Berard’s team studied more than 145,000 children born in Quebec between 1998 and 2009. They found 4,700 babies, or 3 percent of the total group, whose mothers took some type of antidepressant while pregnant.

Only 31 babies, or 1 percent of the group whose mothers took antidepressants in later pregnancy, were later diagnosed with autism.

However, those babies were more likely to have been born to mothers who took antidepressants in the second or third trimester of pregnancy, they reported in the Journal of the American Medical Association’s JAMA Pediatrics. More careful analysis showed it was only the SSRIs.

“Other classes of antidepressants were not statistically significantly associated with an increased risk of autism spectrum disorder,” they wrote.

Dr. Eva Pressman, who chairs the department of Obstetrics and Gynecology at the University of Rochester in New York, says the study raises more questions than it answers.

“If there is an effect that SSRIs have on autism, I think it is not a very large effect,” she told NBC News.

Pressman, who has prescribed SSRIs to pregnant women herself, said it’s a judgment call. In general, pregnant women should take as few medications as possible, she said.

“If the patient can be safely managed without medication, that’s always in their interest,” she said. “In some patients, the depression is clearly more dangerous than the medication.”

And it’s dangerous for anyone to suddenly stop taking antidepressants. “If articles like this make people come off medication that they need to function, that’s terrible for society,” said Pressman, who was not involved in the study.

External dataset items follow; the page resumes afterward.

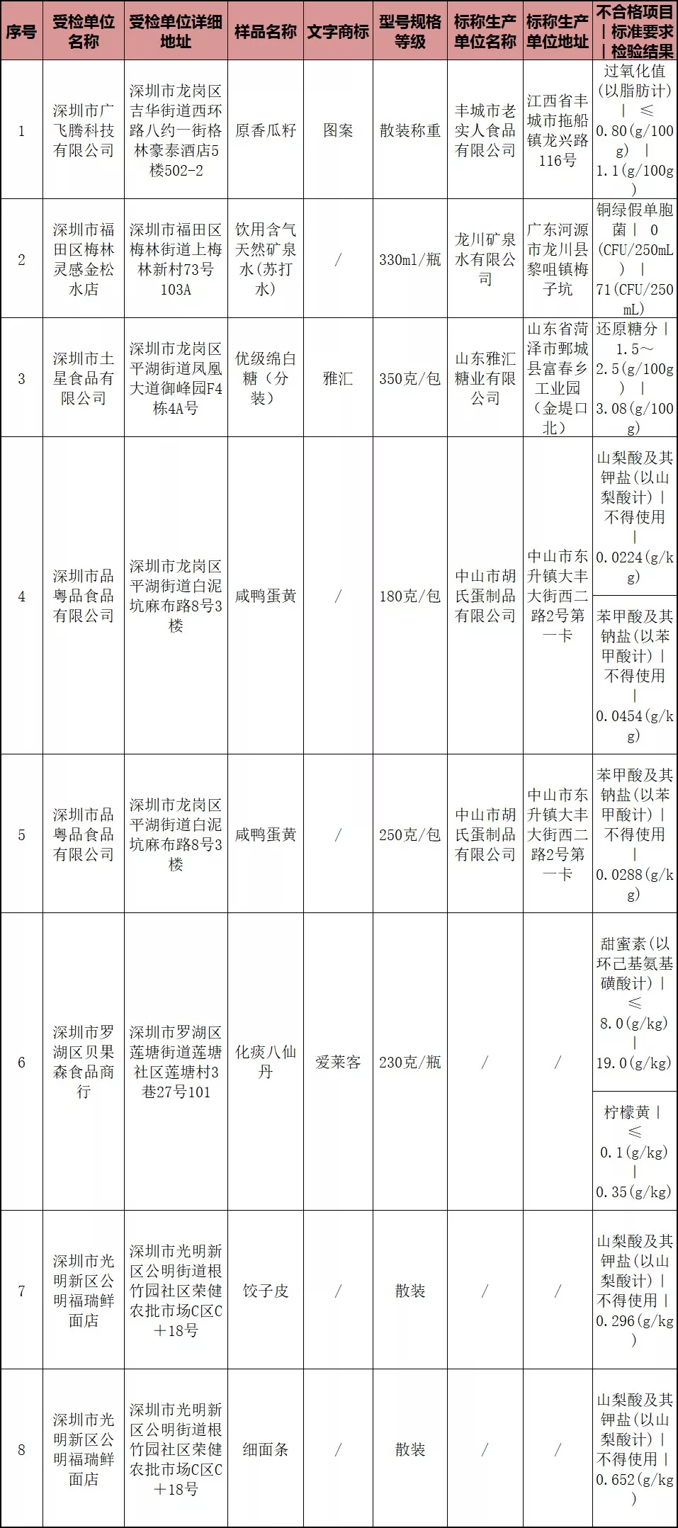 本次抽檢不合格食品
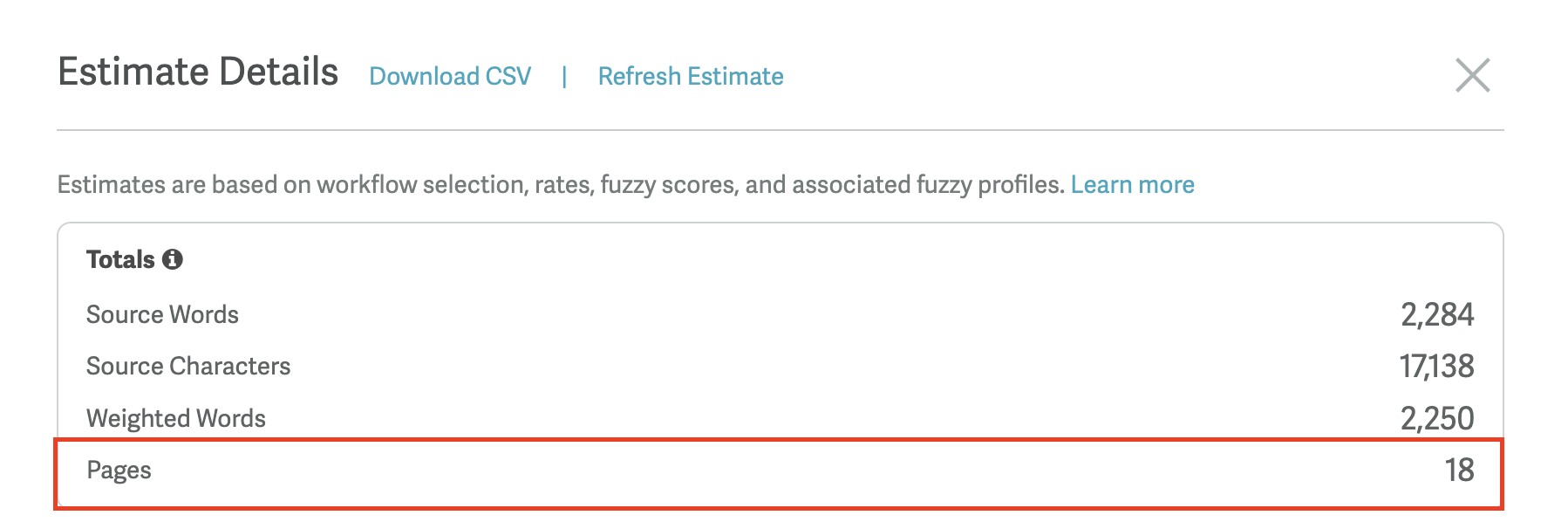 When exporting a fuzzy estimate in a CSV format, the estimated page count for DTP will only be included if the export is performed while the content is in the Desktop Publishing step of the workflow. If the estimate is exported while the content is in any other step of the workflow, it will not contain the estimated page count.
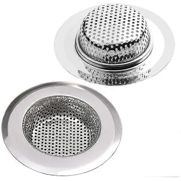 Micro-perforation: 2mm dia holes. Stainless steel construction is reliable and long-lasting. Protects against clogging for years. Effective anti-clogging protection allows liquid to flow seamlessly down the drain while blocking food particles; Standard design: 2.76" total diameter, 1.57" micro-perforated bowl area. It can be perfectly applied to kitchens, bathrooms, floors, drains and various drains; Easy to clean: Easy to wash with warm soapy water to keep the mirror finish impeccable over time. Dishwasher safe; Wide range of applications: Ideal for sink drains and garbage disposals. Stainless steel wire mesh filter for sinks, bathrooms and other water, to prevent debris from falling into the water pipes, dirt only needs to be cleaned and can be used repeatedly. Features: Color: Silver Material: Stainless Steel Plug Diameter: 7cm / 2.76inch 1.57\" micro-perforated bowl area This sink strainer allows water to pass through but not food particles. Ideal for sink drains and waste disposers. Perfect to use for sinks, such as wire and plug. Prevent food debris from falling through. Easy to remove the basket to install, long service life with. Package includes: 2 * Filter Basket
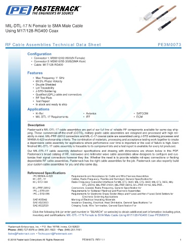RF Cable Assemblies Technical Data Sheet PE3M0073
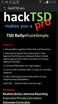 hackTSD pro is much more advanced and equally easier to use application (Rally Computer or Rally Calculator) that reports the ideal time of arrival at any point in a Time-Speed-Distance (TSD format) based Motor-sporting rally.
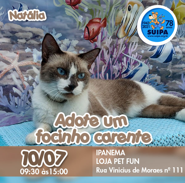 | Adote um Focinho Carente - sábado dia 10/07 na PET FUN em Ipanema SUIPA - 8/7/2021 -SUIPA O próximo “Adote um Focinho Carente” será neste sábado dia 10/07 em Ipanema, na Loja PET FUN na Rua Vinícius de Moraes nº 111 das 9:30 às 15:00hs. Nossos eventos estão voltando aos poucos. Semana a semana, vamos divulgar e confirmar os locais onde estaremos presentes com os suipanos para adoção, a lojinha da SUIPA e o Bazarcão. Quem puder ajudar de alguma forma, segue abaixo uma lista com alguns medicamentos que são bastante utilizados no abrigo e que estamos precisando: www.suipa.org.br/comoajudar |
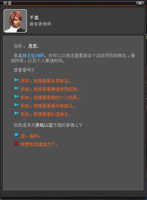 在大广场的西边的荣誉殿堂里站着排名专家——千里。他知道这个世界里每个运动员的成绩变化,他更清楚此时此刻的世界冠军究竟是谁。点击他和他交谈,你就能掌握所有排名信息。
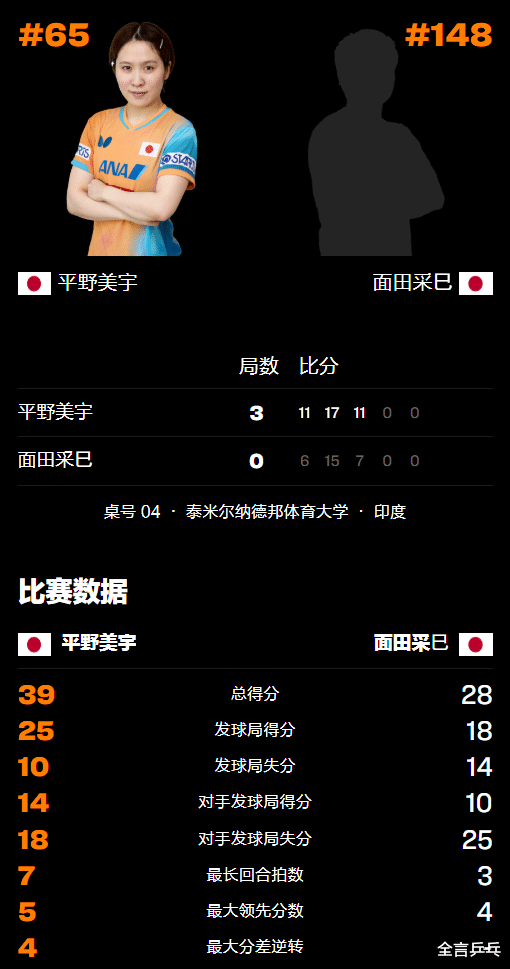 不过和平野美宇相比,面田采巳的排名更低(世界第148),技术、经验等各方面也难与对方相提并论,所以普遍认为此战应该还是不会爆出冷门。
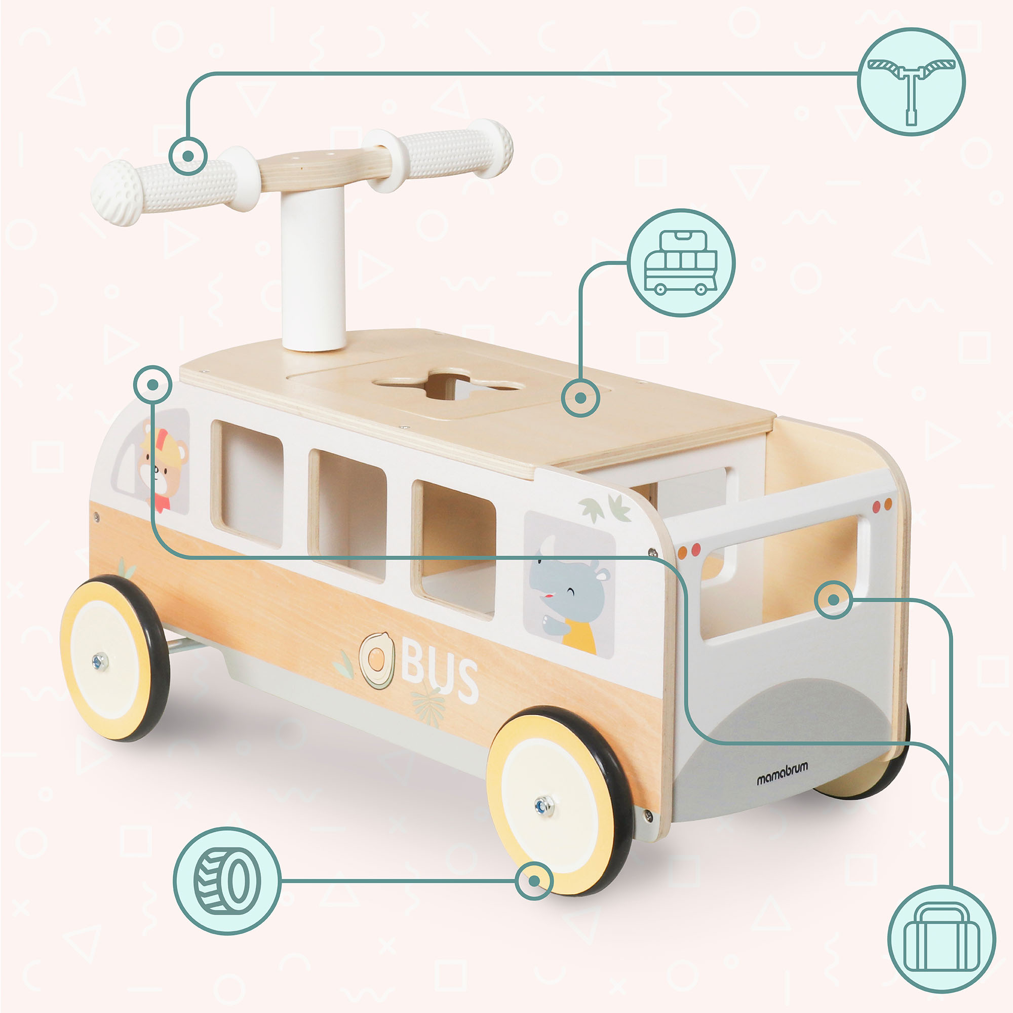 Il cavalcabile Mamabrum è un vero e proprio centro di gioco attivo ed educativo . Promuove l'equilibrio, la coordinazione e l'indipendenza, incoraggiando al contempo la creatività. I ​​più piccoli possono trasportare i loro giocattoli preferiti, riporre piccoli oggetti e organizzare i propri mini-viaggi .

Related: What to say (and not say) to someone who is depressed

Antidepressants are very widely used in the U.S. and 13 percent of U.S. women took them while pregnant in 2003, the researchers said. That's up from 5.7 percent in 1999. In Canada, 4.5 percent of pregnant women took them between 2001 and 2006.

What the study cannot show is why there was a higher risk in some women. Women who continue to take antidepressants during pregnancy may be more severely depressed than women who do not take them, and that itself may change their child’s risk. Depression and autism both have a very strong genetic roots.

“For example women who took antidepressants were more likely to have a history of psychiatric and other illness, were older, and we're more likely to have had another child with autism,” said Dr. Gail Saltz, a psychiatrist at The New York Presbyterian Hospital Weill-Cornell School of Medicine.

“Each of these factors could increase the risk of autism. So the study says there was a difference but can't say if the drug caused the difference or whether these differences are what increased the risk.”

The researchers note other studies have shown there could be a biological basis for SSRIs affecting a child’s brain, however. “Selective serotonin reuptake inhibitors cross the placenta and are found in amniotic fluid,” they said.

“The circulating neurotransmitters may be different in someone with depression, or someone with severe depression.”

Serotonin is a message-carrying chemical called a neurotransmitter and it’s linked with mood, but it performs other important functions, too. “We know that all neurotransmitters play a role in not only sending signals but how the brain reacts to those signals and how the brain develops,” Pressman said.

“The circulating neurotransmitters may be different in someone with depression, or someone with severe depression.”

So, in other words, it’s complicated. Autism is almost certainly caused by a combination of genetics and so-called external influences such as what happens in the womb and perhaps in infancy too, experts say. Studies show when women get the flu while pregnant, for instance, it may raise the risk of autism.

And other studies done looking specifically at antidepressants in pregnancy have had mixed results. One published in June this year found that it seemed to be the mother’s degree of depression, and not the antidepressants, that was most strongly associated with a child’s autism.

Autism diagnoses are on the rise in the U.S. The latest study finds one in 45 U.S. kids have been diagnosed with an autism spectrum disorder.